CovidCTSegmentation

This is the final project from the course "Advanced Machine Learning" at th University of Heidelberg in the summer semester 2021.

In this project, we use deep learning to segment Covid CT scans. The project aims to reproduce the paper "COVID-19 lung CT image segmentation using deep learning methods: U-Net versus SegNet" by Adnan Saood and Iyad Hatem. Besides that, additional experiments were performed to further investigate the potential of deep learning in Covid Segmentation.

This readme should mainly explain how to run the code in our repository. For the theoretical background, a report has been written that explains the methods and results more in detail. If you are interested in the theoretical background and our results, please contact one of the team members.

In theory, the code runs on GPU as well as on CPU. However, we would strongly recommend to run the training on a GPU as it takes very long otherwise.

Team Members

Kim-Celine Kahl
[email protected]

Miguel Heidegger
[email protected]

Sophia Matthis
[email protected]

Setup

Clone the repository in your preferred directory

git clone https://github.com/kck278/CovidCTSegmentation.git

Install the required packages. We auto-generated a requirements.txt file from the conda environment that we used to run our code. You can install all these required packages via
```
conda install requirements.txt
```
or
```
pip install requirements.txt
```
Download the dataset. We used the COVID-19 CT segmentation dataset. In the paper we tried to reproduce, only the first dataset on this website was used, which can be found in the section "Download data". However, we also implemented the possibility to extend the dataset with "Segmentation dataset nr. 2".
The preprocessed data is also pushed in this repository, so if you cloned the whole repository you might not need to execute this step.

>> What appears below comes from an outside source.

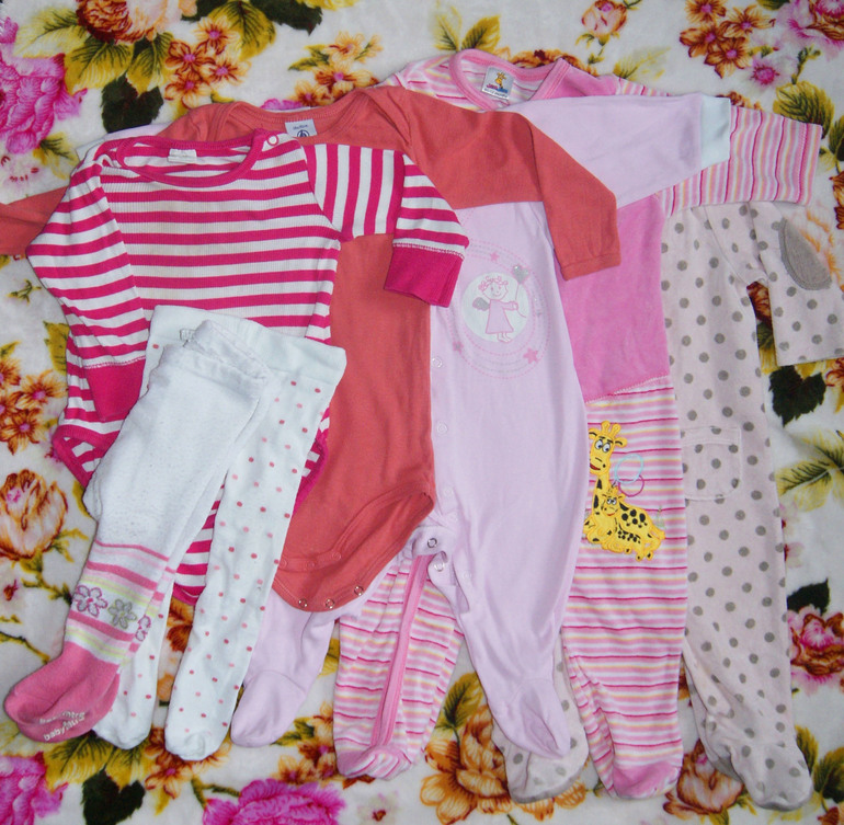 Девочка 0-6 мес.(56-68 см.)2е велюровые бодюшки (в горошек и в полоску), 1 тоненький - в идеальном состоянии.

But if you also want to execute the preprocessing steps, you need to download the original NIfTI from the mentioned website and place the training images named as tr_scan.nii.gz in data/images/nifti/scan, the training masks named as tr_mask.nii.gz in data/images/nifti/mask and the lung masks named as tr_lung_mask.nii.gz in data/images/nifti/lung_mask.
For the extended dataset you need to do the same, except that the downloaded NIfTI files must go in a subdirectory named extended e.g. data/images/nifti/mask/extended for the training masks.

Preprocess the dataset

In theory, the preporcessed data is already pushed to this repository. Therefore, you should normally not need to preprocess the dataset. If you want to apply the preprocessing steps anyways (because you want to reproduce the results or want to use other data), you can run the code in data/convert_nifti.py. This was implemented to separate single slices from compressed NIfTI files and convert them to png. At the bottom of the file, you can see function calls how we used the code, however, you most likely need to modify this for your use case. If you have troubles with this, feel free to contact one of the contributors of this project.

Train a model

Run training with a standard Train/ Validation/ Test split

Training a model is done by running file trainer.py. In the command line parameters can be passed in to determine the training parameter.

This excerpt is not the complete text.